Optical clock distribution using computer generated holographic optical elements

Modern digital computers consist of hundreds of thousands of transistors interconnected with each other. As the speed and complexity of these computers continues to increase, the limitations imposed by electrical interconnections are being approached. Electrical interconnections limit the speed of communications between logic elements and occupy valuable area on both circuit boards and ICs. Free space optical interconnections have the capability of eliminating many of the problems associated with electrical interconnections.;An optical clock distribution system employing computer generated holographic optical elements is built and the procedure as well as the test results of this system is detailed in this thesis. Two holographic optical elements (HOEs) were built for use in the system: a binary-phase, reflection type and a quaternary-phase, reflection type. The frequency of the clock signal used is 1.0 GHz.

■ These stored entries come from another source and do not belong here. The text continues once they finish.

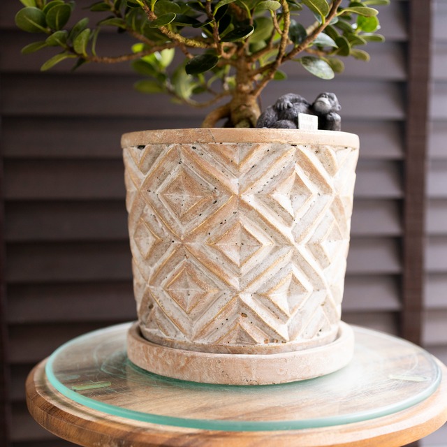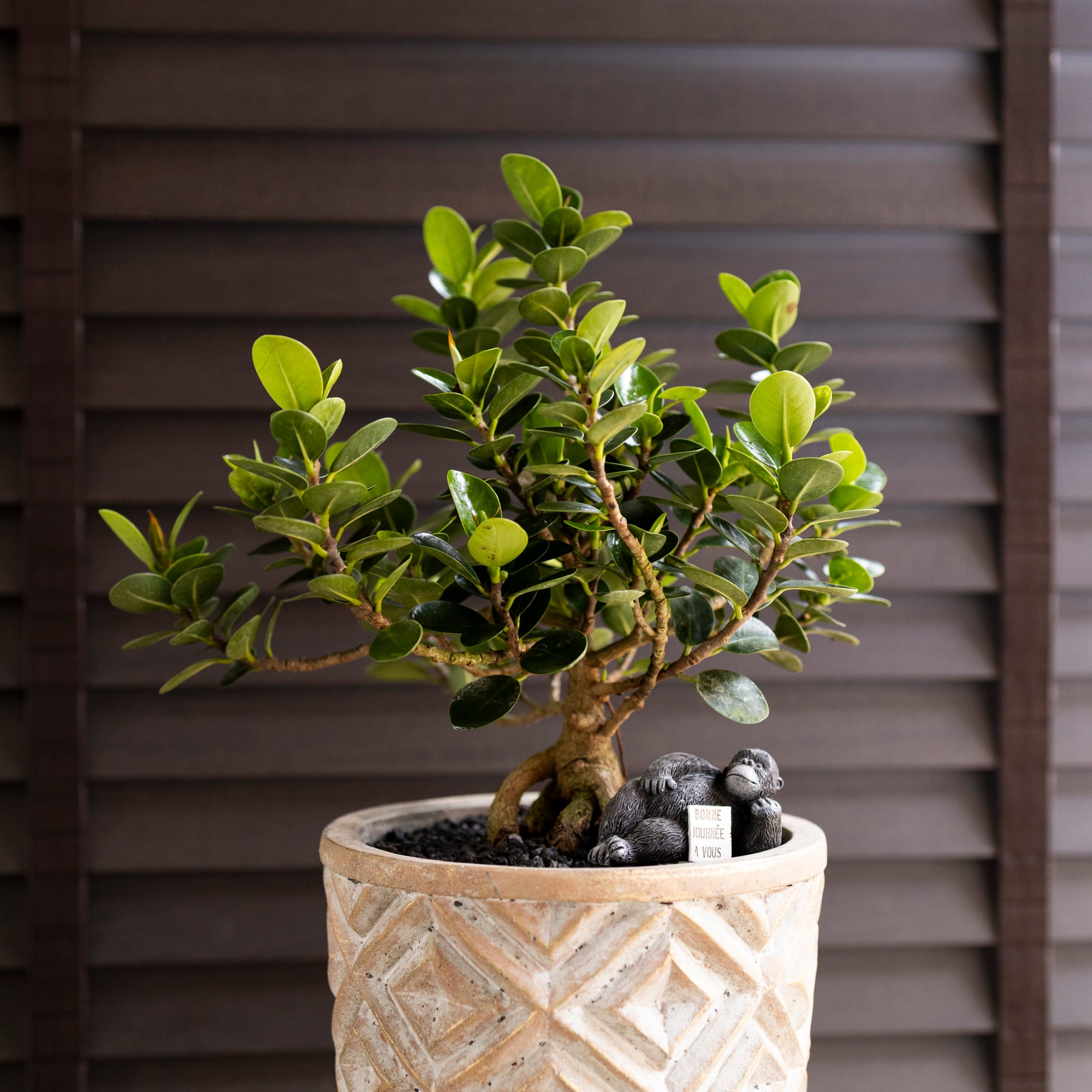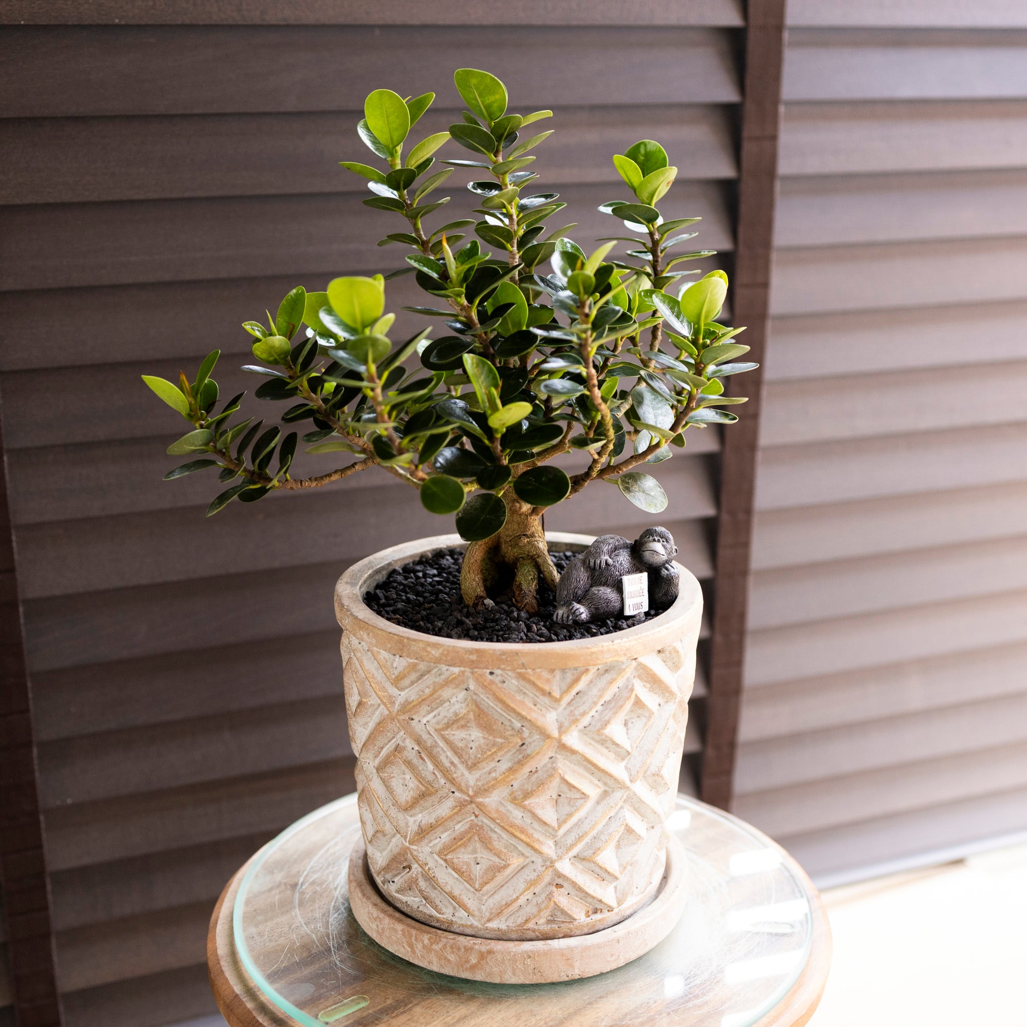 パンダガジュマル 6号 陶器鉢 ピック付 観葉植物 ガジュマルの木 多幸の木 ガジュマル 0313BE
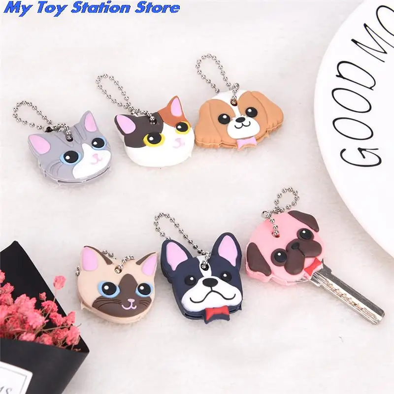 1 шт. Силиконовое кольцо для ключей, колпачок, чехол, милые животны...
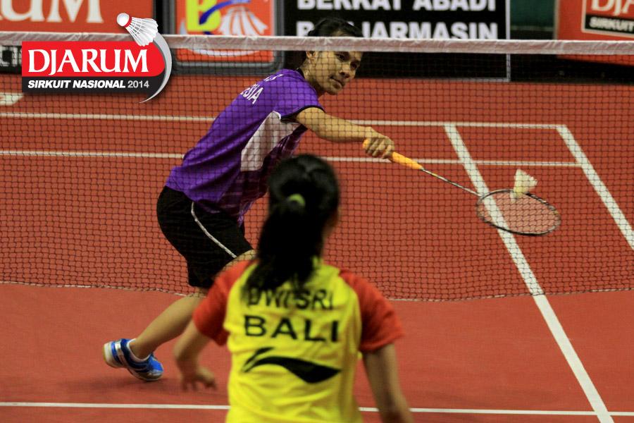 Priskila Siahaya (Exist) mengembalikan shuttlecock ke arah Made Dwi Sri (Pelatprov Bali)
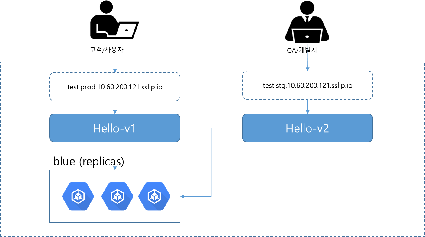 이제 test.prod.10.60.200.121.sslip.io 호출을 해보면 v2 로 이전되었음을 확인할 수 있다.
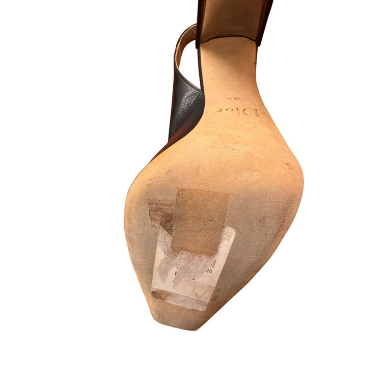 Keywords: Christian Dior, Slingback Heels, Black Heels, Leather Pumps, Silver Toe Cap,

The results of the system test are encouraging: without electronic amplification, the recovered clock signal has a SNR of 21 dB in the case of the binary-phase HOE, and an SNR of 28 dB when employing the quaternary-phase HOE. The increase in SNR is explained by the quaternary-phase HOE's measured efficiency of 69%, as compared to 35% for that of the binary-phase HOE. As well, the characteristics of the first Bessel beam produced by illumination of an HOE with light from a diode laser are reported.